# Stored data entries
☆ ☆ ☆

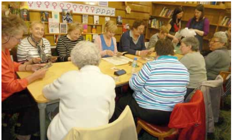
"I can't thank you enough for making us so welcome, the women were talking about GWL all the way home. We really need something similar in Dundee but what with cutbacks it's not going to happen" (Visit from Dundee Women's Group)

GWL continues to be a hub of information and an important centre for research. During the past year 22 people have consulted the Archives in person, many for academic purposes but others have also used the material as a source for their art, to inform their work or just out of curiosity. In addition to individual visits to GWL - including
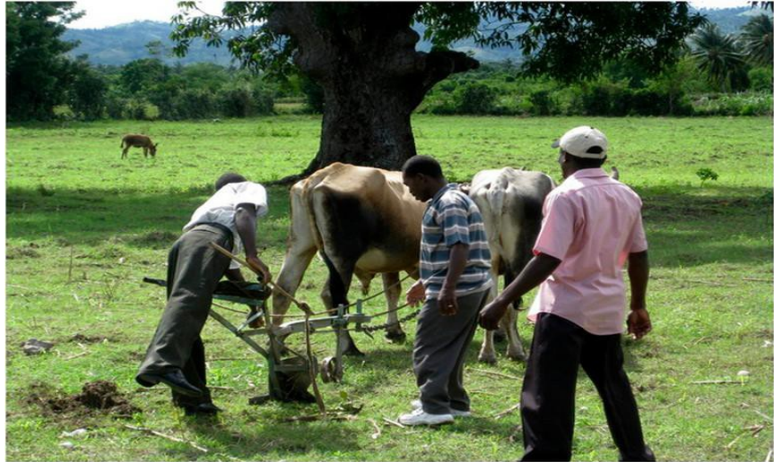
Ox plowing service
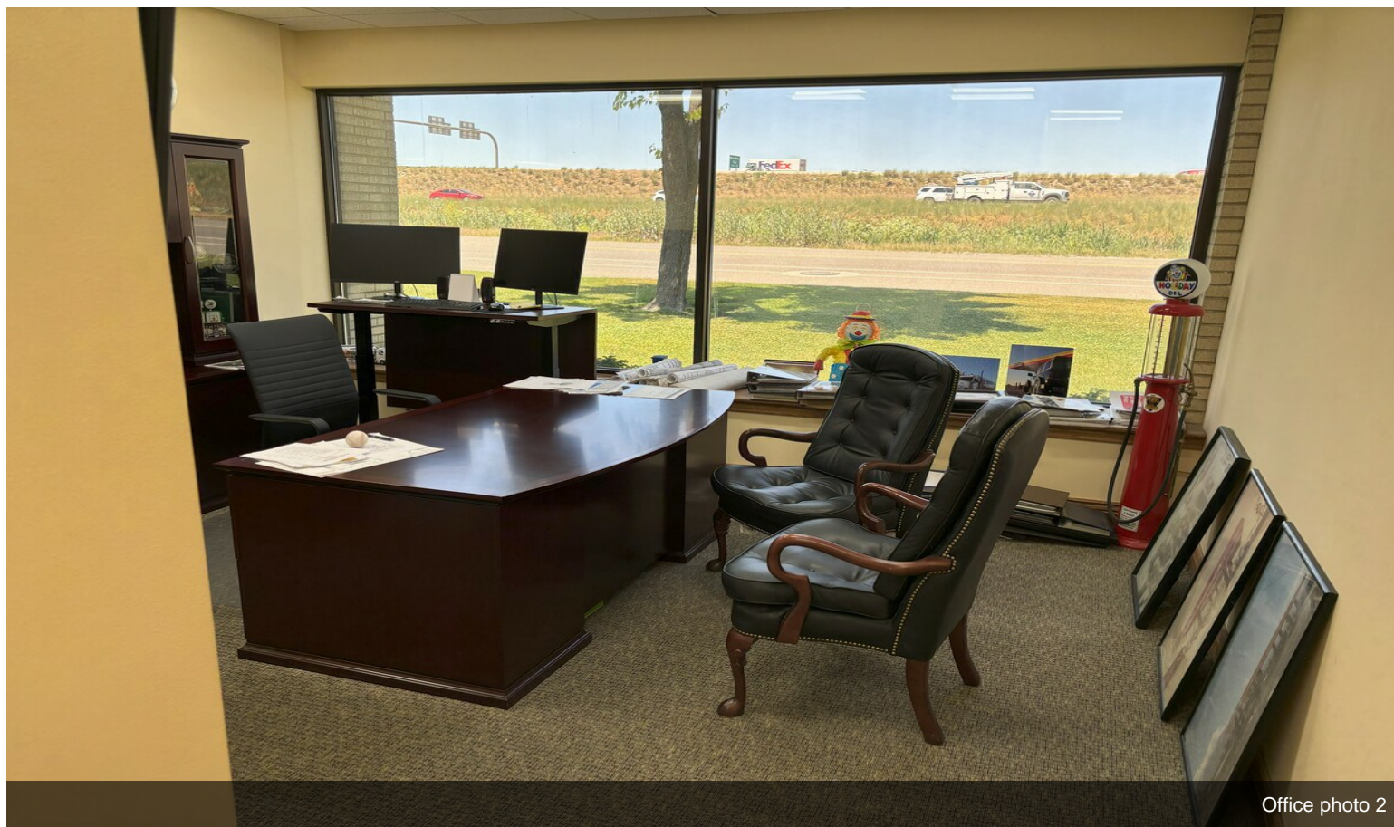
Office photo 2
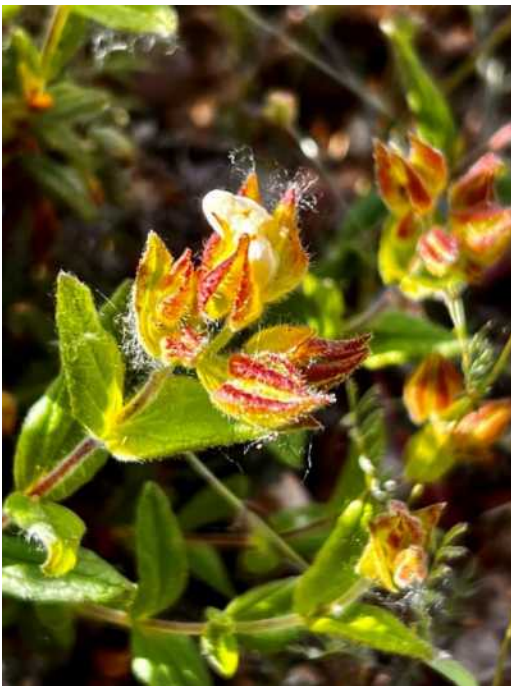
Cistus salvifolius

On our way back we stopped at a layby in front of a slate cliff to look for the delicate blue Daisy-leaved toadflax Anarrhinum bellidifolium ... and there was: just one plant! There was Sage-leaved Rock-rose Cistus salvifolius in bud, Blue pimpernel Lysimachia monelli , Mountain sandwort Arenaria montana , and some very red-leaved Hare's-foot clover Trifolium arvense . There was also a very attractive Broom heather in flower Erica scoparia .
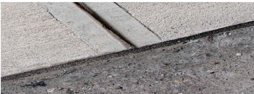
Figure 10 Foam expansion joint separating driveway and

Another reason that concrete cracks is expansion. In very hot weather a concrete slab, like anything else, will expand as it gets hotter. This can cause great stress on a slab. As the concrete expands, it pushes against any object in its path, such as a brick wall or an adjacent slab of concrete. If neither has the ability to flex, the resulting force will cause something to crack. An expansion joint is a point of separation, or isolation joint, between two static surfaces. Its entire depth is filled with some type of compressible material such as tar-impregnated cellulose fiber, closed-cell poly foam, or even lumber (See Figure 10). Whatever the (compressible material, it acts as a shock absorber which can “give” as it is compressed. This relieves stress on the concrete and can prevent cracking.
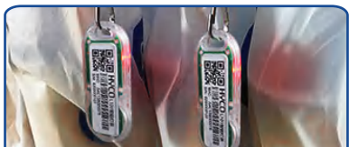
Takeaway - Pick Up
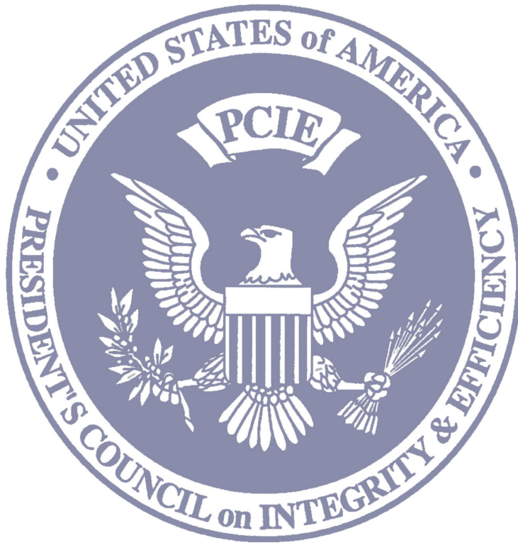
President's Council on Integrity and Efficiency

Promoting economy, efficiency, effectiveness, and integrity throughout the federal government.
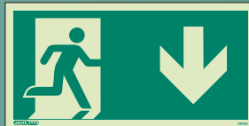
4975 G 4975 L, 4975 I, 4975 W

☆ ☆ ☆

# EXERCISE
Each record above is to be copied out exactly; its pictures are not.

# COMPLETED EXERCISE
"I can't thank you enough for making us so welcome, the women were talking about GWL all the way home. We really need something similar in Dundee but what with cutbacks it's not going to happen" (Visit from Dundee Women's Group)

GWL continues to be a hub of information and an important centre for research. During the past year 22 people have consulted the Archives in person, many for academic purposes but others have also used the material as a source for their art, to inform their work or just out of curiosity. In addition to individual visits to GWL - including
Ox plowing service
Office photo 2
Cistus salvifolius

On our way back we stopped at a layby in front of a slate cliff to look for the delicate blue Daisy-leaved toadflax Anarrhinum bellidifolium ... and there was: just one plant! There was Sage-leaved Rock-rose Cistus salvifolius in bud, Blue pimpernel Lysimachia monelli , Mountain sandwort Arenaria montana , and some very red-leaved Hare's-foot clover Trifolium arvense . There was also a very attractive Broom heather in flower Erica scoparia .
Figure 10 Foam expansion joint separating driveway and

Another reason that concrete cracks is expansion. In very hot weather a concrete slab, like anything else, will expand as it gets hotter. This can cause great stress on a slab. As the concrete expands, it pushes against any object in its path, such as a brick wall or an adjacent slab of concrete. If neither has the ability to flex, the resulting force will cause something to crack. An expansion joint is a point of separation, or isolation joint, between two static surfaces. Its entire depth is filled with some type of compressible material such as tar-impregnated cellulose fiber, closed-cell poly foam, or even lumber (See Figure 10). Whatever the (compressible material, it acts as a shock absorber which can “give” as it is compressed. This relieves stress on the concrete and can prevent cracking.
Takeaway - Pick Up
President's Council on Integrity and Efficiency

Promoting economy, efficiency, effectiveness, and integrity throughout the federal government.
4975 G 4975 L, 4975 I, 4975 W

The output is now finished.